Pick 5 – Baltimore Orioles
Selection: 1B Richie Sexson
If there’s a unifying theme to the early portion of this draft, it’s this: the teams picking high have holes everywhere. And Baltimore might be the most baffling puzzle of the bunch. For years the Orioles have hovered in that uncomfortable middle zone—too talented to bottom out, too flawed to break through—and now find themselves staring at a roster that needs just about everything.
Trying to pin down Baltimore’s priorities is an exercise in futility. You could make a perfectly reasonable case that they should anchor the rotation behind Dwight Gooden and Steve Avery, both of whom still possess top-tier ability but lack stability behind them. But you could make an equally compelling argument that this lineup—thin, inconsistent, and overly reliant on streaky stretches—needs a foundational bat even more.
Enter Richie Sexson, a potential four-star hitter in this draft and the closest thing to pure, unfiltered power the DBL has seen in years.

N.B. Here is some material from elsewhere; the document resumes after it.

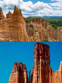 Diverse Shapes: Within the earth forest, earth pillars, earth platforms, and earth cliffs stand in a staggered arrangement with various shapes. Some resemble majestic ancient castles, while others look like lively sculptures, combining to form a magical world of "earth sculptures."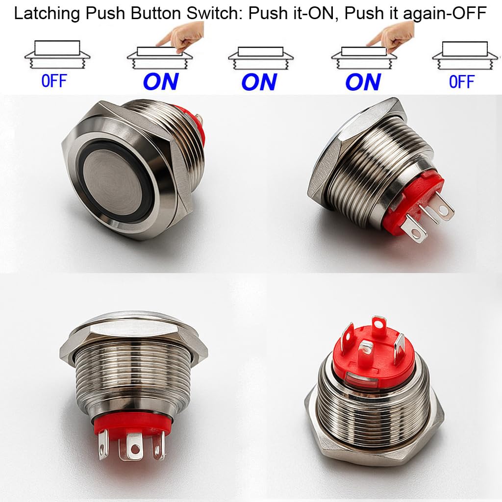 L'interrupteur à bouton-poussoir à LED rouge est conçu avec une LED rouge annulaire et le mode d'éclairage du bouton-poussoir de verrouillage peut être modifié par différentes méthodes de câblage. GUUZI 2 pièces 220V-230V/3A Bouton Poussoir Momentané Etanche Coque en L'interrupteur à bouton-poussoir à LED verte est conçu avec une LED verte annulaire et le mode d'éclairage du bouton-poussoir de verrouillage peut être modifié par différentes méthodes de câblage Fabriqué en acier inoxydable de qualité supérieure. Appuyer sur le bouton pour activer, appuyer et relâcher pour désactiver. Interrupteur anti-vandalisme en acier inoxydable avec anneau LED - courant élevé (20A) - avec étiquettes rétroéclairées | Blocs de fusibles marins... L'interrupteur à bouton-poussoir robuste 220 V est un interrupteur robuste pour une application plus sûre, les appareils électroménagers ou autres appareils nécessitent un contrôle de circuit. Type à verrouillage. Interrupteur 22mm 15A 220V BOUTON-POUSSOIR À VERROUILLAGE Automatique à 3 Broches Rond De Interrupteur Poussoir Verrouillage

Sexson isn’t Helton; he’s a different kind of monster. Where Helton brings balance and polish, Sexson brings thunder. His power isn’t theoretical—it’s the sort of raw, reality-bending force that front offices dream about and pitchers wake up sweating over. And the best part? He’s not just a one-dimensional slugger. Sexson is a future Gold Glove defender at first base, the rare power bat who can actually improve a team’s infield defense rather than compromise it.
With Mark Grace all but guaranteed to walk given his unnecessary $270,000 ask, the Orioles have a ready-made vacancy at first. Sexson doesn’t just fill it. He claims it. Day one. No seasoning required. And with Leo Gomez likely to be re-signed to anchor the middle of the order, Sexson provides the perfect protection—an imposing bookend to a lineup that desperately needs intimidation.
Let’s not dance around it: 50+ home runs a year is on the table. Not as a pipe dream, but as a legitimate, statistical outcome for a player with this profile. Baltimore isn’t one piece away—but Sexson gives them the kind of cornerstone you happily build around for the next decade.
This pick is simple. This pick is sensible. And for a franchise that’s been stuck in indecision for years, this pick is a statement.
Baltimore gets its bat. And what a bat it is.